Já no sistema intensivo (confinamento), a realidade é outra: o número de funcionários aumenta consideravelmente, em razão da necessidade de mão de obra especializada para o manejo, o que pode acabar sendo mais oneroso optar pelo recolhimento da contribuição sobre a folha de salários, dependendo do resultado financeiro obtido a partir da comercialização da produção rural fruto da atividade de engorda e abate; portanto, nessa situação, o planejamento eficaz é essencial para reduzir a carga tributária, cuja opção, lembre-se, é irretratável para o ano-calendário.

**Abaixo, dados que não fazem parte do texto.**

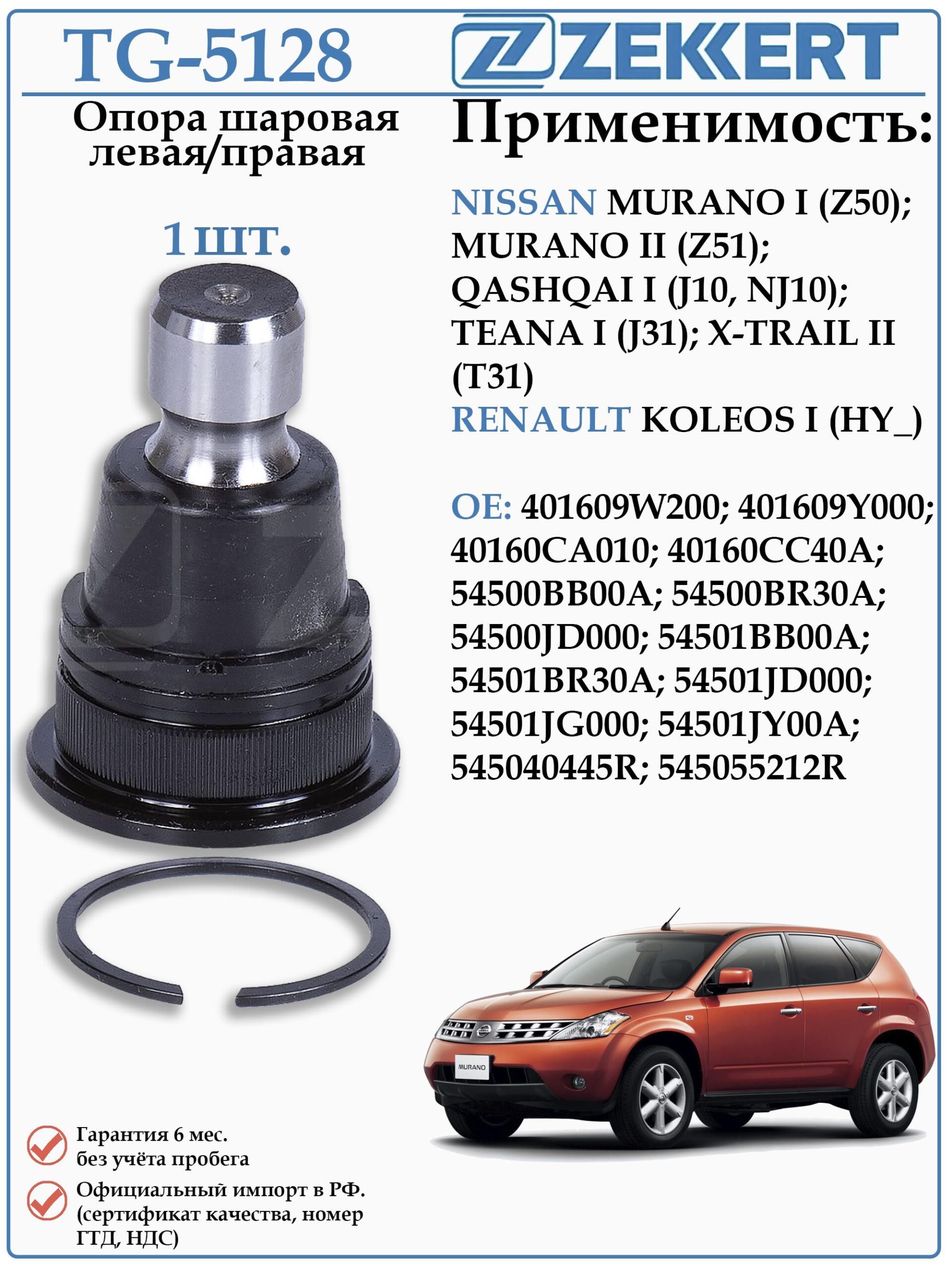 Шаровая опора Левая/Правая для Ниссан Кашкай, Мурано, Теана, Х-Трейл, Рено Колеос ZEKKERT TG-5128

Não é só a atividade pecuária (a qual não se limita à criação de bois, mas também outros animais, como suínos e carneiros, entre outros) que conviverá com essa controvérsia, a partir de 2019. A exclusão da base de cálculo do Funrural alcança também o resultado das seguintes atividades: plantio ou reflorestamento, criação granjeira e o comércio de sementes e mudas.

É o que se extrai da leitura do parágrafo 12 do artigo 25 da Lei 8.212/91, com a redação dada pela Lei 13.606/18, cujo dispositivo foi vetado pelo presidente da República, porém o veto foi derrubado pelo Congresso Nacional, na compreensão de que o Funrural não deveria incidir em cascata, onerando toda a cadeia de produção de algumas culturas e atividades rurais de fundamental importância no contexto socioeconômico do agronegócio brasileiro.

Já na atividade agrícola de grãos (soja, milho, trigo, café etc.), em razão da legislação trabalhista permitir contratos por prazo determinado, conhecidos como “contratos de safra”, o número de funcionários varia — para mais ou para menos —, conforme o período de plantio e colheita, vale dizer, obedece a sazonalidade das culturas, o que deve conduzir o produtor rural, seja pessoa física ou jurídica, a se planejar com relativa antecedência, a fim de exercer a opção por uma ou outra tributação, levando em consideração essa particularidade que possui reflexos financeiros.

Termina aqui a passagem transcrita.